All you can do is go by the rules and keep safe.

You did the right thing. If you have any doubt, look at your Soldiers. Nothing happened to them that day. Whatever happened to the driver, it is what it is. ANYONE on the road in al anbar who guns it for any group of Americans is practically and literally suicidal. You erred on the side of him being dead, and you and yours not. I can't say it enough.

You did the right the thing, all the way around.

Semper,
Six.

Of course, taking life is serious business. Being put in a situation like that was never your decision. You just had to make the best of it. Mostly that meant survival.

Not your fault. Shit happens. Good man, taking the whole thing seriously. Bad set of choices offered to you. Best outcome, you live. Plenty of time for replays and recriminations, because you're ALIVE.

Old joke: What is the first Rule of Jungle Warfare? Answer; THERE ARE NO RULES!

At least ROE's are the brick wall to beat your head against. You and yours are still alive. All the rest is small shit.

HTH

R

You do not say explicitly that a VBIED was found in the vehicle. It was implied, but because you are grappling with the situation, the ROE, etc. I am wondering if explosives were found. If so, would you be considering the ROE and how they almost got you killed?

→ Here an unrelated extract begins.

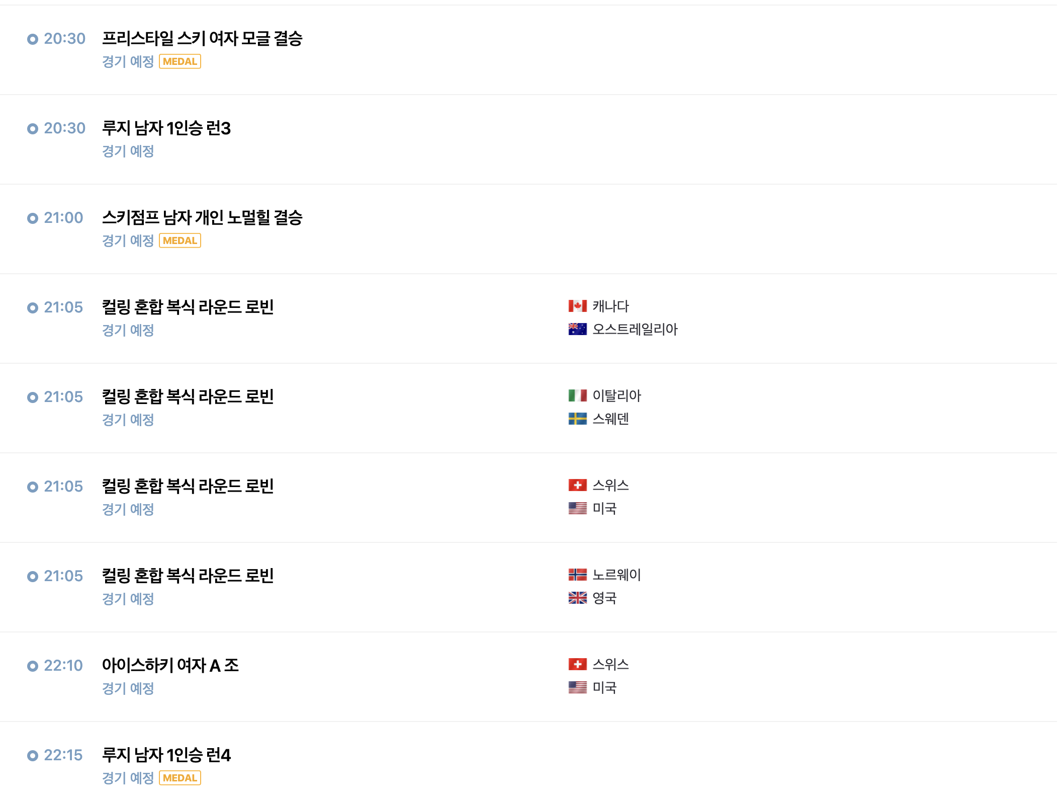 주요 경기는 컬링 혼합 복식, 스노보드 슬로프스타일, 크로스컨트리 남자 스키애슬론 피겨 스케이팅 단체전, 스피드 스케이팅 5000m, 루지 결승 등 있습니다.

The ROE notwithstanding, this guy was a clear threat to accomplishing whatever your mission was that day, to the lives of your men, and to your own survival. To echo Chris6 above, with an end result of you and yours being alive and this guy being dead, that's the way you want it to be.

I suspect that you will wonder about this for the rest of your life. Take some solace though that in a small way, you have eased the grim burden of the stateside military casualty officers and chaplains, at least for a while.

Stay safe.

I am very impressed that you were able to consider and follow the rules of engagement at that high-stress moment, rather than following blind instinct. I have a new appreciation for the meaning of military training, and the dedication of our fighting men and women.

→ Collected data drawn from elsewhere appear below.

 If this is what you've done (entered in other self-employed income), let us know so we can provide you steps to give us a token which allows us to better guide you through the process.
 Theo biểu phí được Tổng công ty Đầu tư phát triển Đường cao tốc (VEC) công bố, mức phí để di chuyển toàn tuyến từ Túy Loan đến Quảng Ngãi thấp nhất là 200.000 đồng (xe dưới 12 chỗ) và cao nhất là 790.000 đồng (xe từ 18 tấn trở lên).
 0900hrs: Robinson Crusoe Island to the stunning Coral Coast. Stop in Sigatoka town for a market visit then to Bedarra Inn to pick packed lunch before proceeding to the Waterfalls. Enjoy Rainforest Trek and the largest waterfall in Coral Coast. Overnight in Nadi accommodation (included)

Thank you for this post, and for making these hard choices. For what it's worth, I believe you did very well in the situation.

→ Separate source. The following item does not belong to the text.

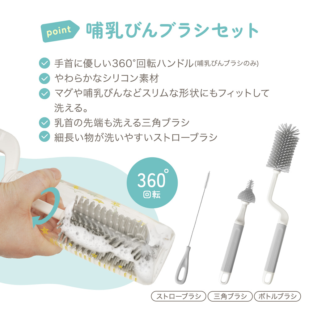 | 商品の特徴 | ・哺乳びん・乳首・ストローが洗えるブラシ3点セット。 ・やわらかなシリコン素材なので、繊細なパーツも傷つけずに洗えます。 ・ボトルブラシは柄の部分が360度回転することで、育児で酷使しがちな手首の動きをサポート。 ・三角ブラシは乳首の先端を洗うのに最適で、スポンジでは洗いにくい先細りの形状にしっかりフィット。 ・ストローブラシは細長い形状や小さな穴など、細かい部分までしっかり洗えます。※ストローブラシのみナイロン製 ・熱湯消毒可能で衛生的に使えます。 ・吊り下げできるので、スポンジと比べ乾燥しやすいのも嬉しいポイント。 |

God Bless you for what you are doing! You have had to make some difficult choices and I commend you! My dad was a Merrill's Marauder's in WW11. He never spoke about his tough choices, but he is a hero to me as you are to your family I'm sure! Know that we appreciate everything that you have done and are doing for our country!!!!!! Peace! Sonda

Sir,
First thanj you for serving so that I and my family can sleep safely at night and enjoy the freedoms America has to offer.
Second you made the right decission.
Third you and your men went home that day the guy who was driving did not.

I keep reading that part of the warrior ethos includes being mentally and psychologically sound enough to carry these burdens. You are. You calculated adherence to the rules in a controlled split second.

As a writer, I'm overwhelmed by the presence of mind, precision and professionalism that takes. As an Aunt and Sister of serving soldiers, I don't care if the car was a VBIED or not. It doesn't matter, it's irrelevant. You did right and you did well, in a situation that would crush 95% of us.

Now, if only Moms, Aunts and Grandmas could write the ROE, this war would have been won alot faster.

Brother, I'm just glad you're okay.

Stay safe over there.

You americans are killers.You know taht for sure.